Там проживало не менее дюжины злых и голодных самцов. Час я ждал Мура на улице, ожидая услышать звуки драк или любые иные звуки; но снизу не доносилось ничего.
Уже темнело, когда он с известной своей невозмутимостью выбрался наружу. В проёме подпола показались две, судя по всему, кошки – но, увидев меня, сразу исчезли.

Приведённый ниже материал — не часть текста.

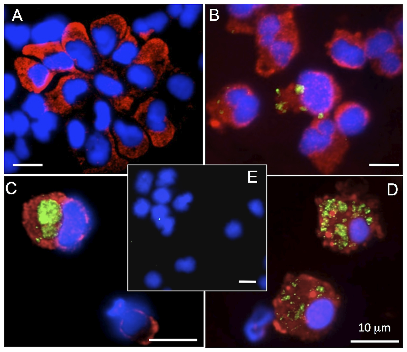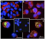 Figure 6. Visualization by immunofluorescence of infected peritoneal monocytic leukocytes from asymptomatic FV3 infected adult frogs following bacterial stimulation.
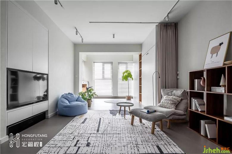整體設(shè)計以白色為主調(diào),加上原色木質(zhì)點綴,舒適放松。摒棄了傳統(tǒng)客廳電視方位的打造,電視與墻面收納設(shè)計完美融合。

Мур томительно потянулся и поскрёб лапами.
– Ты, скотина, – сказал я ему, – ты ослепнешь, понял? Не перестанешь сюда шляться – ослепнешь!.. Буду на поводке тебя водить.
Он посмотрел на меня своими разжиженными глазами и спокойно направился к дому: с таким видом, что это он меня ведёт, показывая дорогу.
– Мур, ты же аристократ, – сменил я тон. – Ты не имеешь права умереть от кошачьего сифилиса. Это по́шло. Я мечтал о другой карьере для тебя. Ты мог бы стать, не знаю, первопроходцем, геологом, пограничником. А ты кто?..
…Неделю я пытался удерживать его дома, но это обратилось в кошмар. Он метил всё подряд и орал. При всяком моём выходе из дома пытался, с разбегу, вырваться на волю, и, если не получалось, забравшись на подоконник, ходил туда-сюда, как заведённый.
Ночью садился у закрытой двери моей спальни и сначала тихо, а потом всё громче и громче повторял какую-то одну кошачью фразу разочарования и тоски.
Однажды я решился.
Поймав доверчивого кота за шиворот, я усадил его в машину и отбыл в город.
Очнувшись после операции, он выбежал мне навстречу, ещё не осознавая потери.
День мы провели дома в удивительном спокойствии.
Я чувствовал вину – и разрешил ему лежать в моей комнате сколько ему пожелается. Он непрестанно мурлыкал.
Но глаза его не прошли ни в тот день, ни на следующий, ни через неделю.
– Ветеринар нас обманул, – сказал я Муру.
Ему было уже всё равно.
Я страдал. Вытирая ему глаза, я мучился больше его, потому что меня снедала совесть.